2005 RPE. PSA fiel nicht unter 0,2 und stieg im Laufe von zwei Jahren langsam an. Da aufgrund einer Rektum-Verletzung während der RPE, einer daraus resultierenden Fistel zwischen Darm und Blase und weiteren Folgeoperationen in diesem Gebiet keine Bestrahlung der Prostataloge erfolgen konnte, habe ich bei einem Wert von 0,9 mit der Einnahme von Biculatamid 150 begonnen. Unter dieser Therapie  fiel das PSA sehr schnell unter die Nachweisgrenze und blieb über 10 Jahre dort.
Nähere Einzelheiten unter meinem Profil hier auf der Seite. Das würde hier zu ausführlich werden.

Jetzt PSA-Rezidiv unter laufender Therapie mit Casodex 150. Verdopplungszeit 3 bis 6 Monate, ich hatte jetzt wieder um die 1,0 wie vor 10 Jahren, dieses Mal aber unter Biculatamid.

Beratung bei Professor Müller Klinikum Ludwigshafen. (Bemerkung: Ich bin nach der RPE im Klinikum Worms nach Ludwigshafen gewechselt. Dort war ich mit allen nachfolgenden Beratungen und Operationen sehr zufrieden. Aus diesem Grund habe ich als Kassenpatient auch in diesem Fall eine private Beratung mit dem Chefarzt des Klinikums Ludwigshafen gesucht.)
Aussage von Prof. Müller, wenn man genau weiß, wo der Herd ist und das nicht im Gebiet der Fistel ist, kann man das eventuell operieren.

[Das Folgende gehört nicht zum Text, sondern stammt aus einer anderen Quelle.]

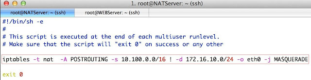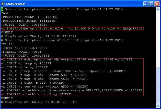 -A POSTROUTING -s 172.16.10.0/24 ! -d 10.100.0.0/16 -o eth0 -j MASQUERADE

Deshalb Entscheidung zum PSMA-PET-CT (auch im Klinikum Ludwigshafen)
Beurteilung
Korrelat des PSA-Anstiegs unter antihormoneller Therapie ist ein 8 x 13 mm großer Lymphknoten an der linken Ateria iliaca externa. Hämatogene oder lymphogene Metastasen konnten ausgeschlossen werden.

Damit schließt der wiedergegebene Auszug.